Assigned task: When you reach the line containing "The size of" in the data below, begin returning lines exactly as written, and stop once the line containing "Неподалеку можно было" has been returned.
** Opening Record excerpts block **
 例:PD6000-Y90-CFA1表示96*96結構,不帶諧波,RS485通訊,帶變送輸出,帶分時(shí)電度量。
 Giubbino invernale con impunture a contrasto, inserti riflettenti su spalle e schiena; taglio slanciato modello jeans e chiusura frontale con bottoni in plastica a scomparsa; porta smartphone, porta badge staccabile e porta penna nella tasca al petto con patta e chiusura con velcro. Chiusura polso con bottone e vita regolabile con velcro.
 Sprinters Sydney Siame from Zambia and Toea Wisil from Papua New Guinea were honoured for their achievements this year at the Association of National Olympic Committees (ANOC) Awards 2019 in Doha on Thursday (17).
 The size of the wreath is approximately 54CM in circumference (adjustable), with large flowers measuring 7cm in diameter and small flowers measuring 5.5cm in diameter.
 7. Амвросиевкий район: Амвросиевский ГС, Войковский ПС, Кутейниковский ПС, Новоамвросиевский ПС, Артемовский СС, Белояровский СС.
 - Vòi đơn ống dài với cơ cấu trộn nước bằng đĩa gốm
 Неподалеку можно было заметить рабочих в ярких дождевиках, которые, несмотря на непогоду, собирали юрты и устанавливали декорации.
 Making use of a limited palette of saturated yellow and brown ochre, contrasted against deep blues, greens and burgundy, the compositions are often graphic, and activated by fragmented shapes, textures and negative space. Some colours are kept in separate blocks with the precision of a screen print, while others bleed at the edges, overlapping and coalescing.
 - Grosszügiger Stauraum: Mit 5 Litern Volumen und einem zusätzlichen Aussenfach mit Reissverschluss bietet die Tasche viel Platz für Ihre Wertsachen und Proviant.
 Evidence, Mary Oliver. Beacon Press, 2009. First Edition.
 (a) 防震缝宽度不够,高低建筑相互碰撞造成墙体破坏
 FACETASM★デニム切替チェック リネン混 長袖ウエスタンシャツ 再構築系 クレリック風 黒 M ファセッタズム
** Closing Record excerpts block **
Answer section:
 The size of the wreath is approximately 54CM in circumference (adjustable), with large flowers measuring 7cm in diameter and small flowers measuring 5.5cm in diameter.
 7. Амвросиевкий район: Амвросиевский ГС, Войковский ПС, Кутейниковский ПС, Новоамвросиевский ПС, Артемовский СС, Белояровский СС.
 - Vòi đơn ống dài với cơ cấu trộn nước bằng đĩa gốm
 Неподалеку можно было заметить рабочих в ярких дождевиках, которые, несмотря на непогоду, собирали юрты и устанавливали декорации.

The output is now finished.